Reproduce the records below exactly from their first line through the line containing "因为实在太冷,三个人各自开夹菜到碗里,然后窝在火炉边吃饭。。。竟然觉得挺温馨。", omitting all pictures.

==== Provided records ====

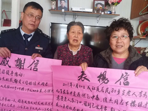 李秀英和秦云盛被徐杰等鄰居們護(hù)送到醫(yī)院,趕來的鄰居們都幫忙跑前跑后,徐杰還幫忙墊付了2千多元的醫(yī)藥費(fèi),還幫忙買來被褥取暖。徐杰等人回到家中已經(jīng)下午4點(diǎn)多,“大家都在忙活,沒顧上吃飯,從醫(yī)院出來時,還是徐杰帶著我們?nèi)コ粤孙垺!庇诠鹩⒔榻B說,平時大家的感情就特別好,你家有困難我?guī)鸵话眩慵矣欣щy我伸出援手,取暖費(fèi)收費(fèi)地址換了也是徐杰帶著于桂英去繳費(fèi),于桂英和李秀芳都把徐杰當(dāng)?shù)艿芎秃⒆涌创依镉辛撕贸缘囊膊煌衼硪黄鸱窒怼?月12日,市北區(qū)阜新路街道阜康社區(qū)宗德珍主任和居民于貴英一同帶著表揚(yáng)信和感謝信來到公交集團(tuán)嶗山巴士第六分公司,要感謝分公司安保人員徐杰,多虧徐杰救了煤氣中毒的社區(qū)居民李秀芳一家三口。
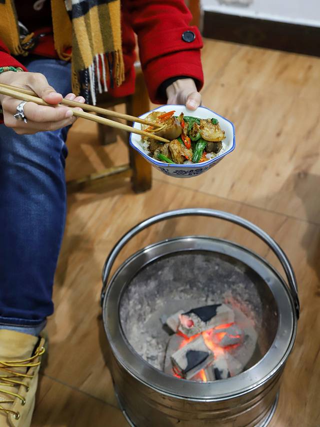 因为实在太冷,三个人各自开夹菜到碗里,然后窝在火炉边吃饭。。。竟然觉得挺温馨。
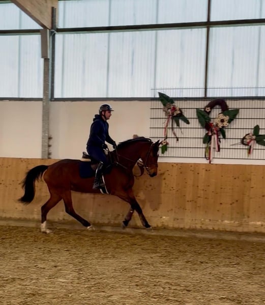 ✨ Im Auftrag: Schicke 7-jährige Stute mit toller Arbeitseinstellung Zum Verkauf steht eine 7-jährige Stute mit einem Stockmaß von ca. 1,67 m, die durch ihre angenehme Art und ihre motivierte Arbeitseinstellung überzeugt. Im täglichen Umgang zeigt sie sich absolut unkompliziert und brav. Ob Putzen, Schmied oder Verladen – sie ist stets fromm und zuverlässig. Unarten wie Buckeln, Steigen oder Treten sind ihr fremd. Unter dem Sattel präsentiert sie sich motiviert und mit einem angenehmen Go ausgestattet, ohne dabei schwierig zu sein. Sie ist keine Schlaftablette, sondern ein Pferd, das Freude an der Arbeit hat und gerne mit seinem Reiter zusammenarbeitet. Zu Hause ist sie sehr entspannt und ausgeglichen. In neuen Situationen oder auf fremden Plätzen zeigt sie sich zunächst aufmerksam und positiv gespannt, findet jedoch schnell zur Ruhe und gewöhnt sich rasch an ihre Umgebung. Die Stute ist sowohl dressurmäßig gearbeitet als auch mit Freude über kleinere Sprünge zu reiten und bietet damit eine schöne Grundlage für eine weitere Förderung in beide Richtungen. Ein tolles Pferd für Reiter, die ein motiviertes, ehrliches und vielseitiges Pferd suchen. Abstammung: Franklin x Rubino Rosso v. Rubinstein x Argentinus Preiskategorie: 10.000 – 15.000 € Bei Interesse gerne melden unter: 0171 1766048
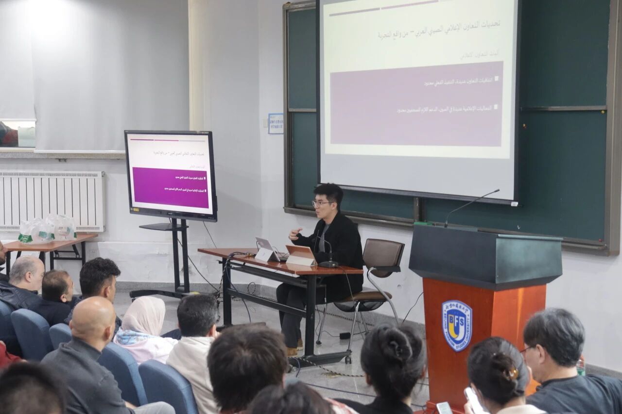 我院博士研究生王嘉轩结合个人经验,立足于新时代中阿国际交流大背景,从多个角度入手,分享了媒体在跨文化交流中的实践经验,并对未来中阿文明交流进行了展望。
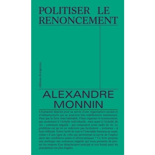 L'humanité dépend pour sa survie d'une organisation sociale et d'infrastructures qui ne pourront être indéfiniment maintenues. Pour que la Terre reste habitable, il faut organiser le renoncement, pas seulement à l'échelle individuelle, mais aussi à l'échelle de ces communs négatifs qui composent notre cadre de vie. Le problème est qu'on ne redevient pas facilement terrestres à huit milliards. Entre l'arrêt de tout et l'intenable business as usual, existe-t-il une ligne de crête qui permettrait la survie de l'espèce dans des conditions justes et démocratiques ? Ce livre propose une politique des communs négatifs qui nous permette de penser les moyens d'un détachement anticipé et non brutal pour les populations les plus fragiles.
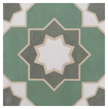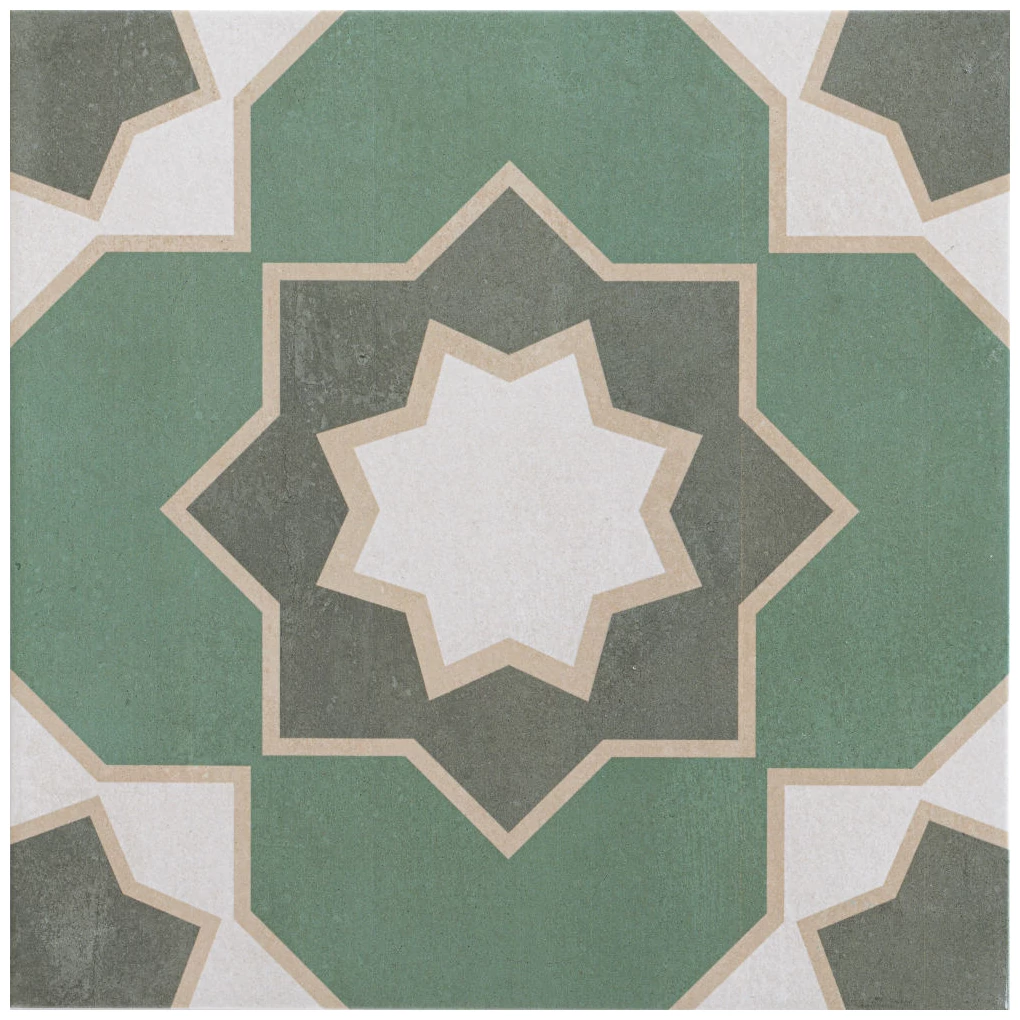 Izmir Olive gres 33x33 to produkt o wyraźnym, geometrycznym wzorze, który przykuwa uwagę swoją symetrią i wyrazistością kolorystyki. Dominuje na nim zieleń w różnych odcieniach, przełamana delikatnymi beżowymi liniami i neutralnym tłem. Matowa powierzchnia pozwala na subtelne odbicie światła, co nadaje płytce surowy, ale nowoczesny charakter. To gres który nie dominuje przestrzeni, lecz ją wyraźnie definiuje, dając możliwość stworzenia ciekawych aranżacji podłogowych.

====

• Solution for this problem
 李秀英和秦云盛被徐杰等鄰居們護(hù)送到醫(yī)院,趕來的鄰居們都幫忙跑前跑后,徐杰還幫忙墊付了2千多元的醫(yī)藥費(fèi),還幫忙買來被褥取暖。徐杰等人回到家中已經(jīng)下午4點(diǎn)多,“大家都在忙活,沒顧上吃飯,從醫(yī)院出來時,還是徐杰帶著我們?nèi)コ粤孙垺!庇诠鹩⒔榻B說,平時大家的感情就特別好,你家有困難我?guī)鸵话眩慵矣欣щy我伸出援手,取暖費(fèi)收費(fèi)地址換了也是徐杰帶著于桂英去繳費(fèi),于桂英和李秀芳都把徐杰當(dāng)?shù)艿芎秃⒆涌创依镉辛撕贸缘囊膊煌衼硪黄鸱窒怼?月12日,市北區(qū)阜新路街道阜康社區(qū)宗德珍主任和居民于貴英一同帶著表揚(yáng)信和感謝信來到公交集團(tuán)嶗山巴士第六分公司,要感謝分公司安保人員徐杰,多虧徐杰救了煤氣中毒的社區(qū)居民李秀芳一家三口。
 因为实在太冷,三个人各自开夹菜到碗里,然后窝在火炉边吃饭。。。竟然觉得挺温馨。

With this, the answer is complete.